- Required work: Could you retype, exactly and with no pictures, only the lines from the first line of the records below through the line that contains "Ex tot indomitis"?

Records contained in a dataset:
---
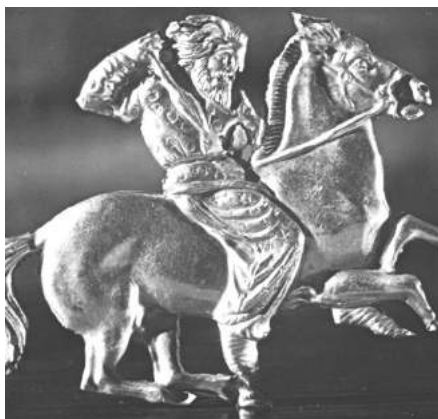
Scythæ fingitur hoc aureo ornamento quarto sæculo a.Ch.n. confecto, quod in Chersoneso Taurica est inventum.

Ex tot indomitis equis, qui per steppam olim vagabantur, tantum nonnulli centeni supersunt, quos Russus explorator Przewalski undevicesimo sæculo in media Sibiria invenit ; immutati erant a tempore, quo in nonnullis Europæ speluncis delineati sunt, i.e. ante viginti circiter milia annorum.
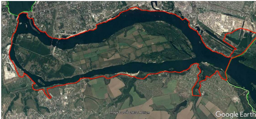
Рис. 1. Територія урочища, яка ввійшла до складу об'єкту Смарагдової мережі – Каховське водосховище
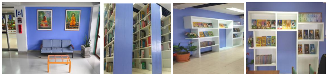
ชั้น 5 ห้องหนังสือทั่วไป ภาษาไทยและภาษาอังกฤษ หนังสือนวนิยาย/มุมพ่อหลวง
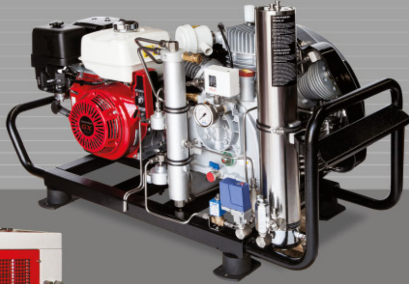
Mariner (Petrol Engine)
---
- Answer below:
Scythæ fingitur hoc aureo ornamento quarto sæculo a.Ch.n. confecto, quod in Chersoneso Taurica est inventum.

Ex tot indomitis equis, qui per steppam olim vagabantur, tantum nonnulli centeni supersunt, quos Russus explorator Przewalski undevicesimo sæculo in media Sibiria invenit ; immutati erant a tempore, quo in nonnullis Europæ speluncis delineati sunt, i.e. ante viginti circiter milia annorum.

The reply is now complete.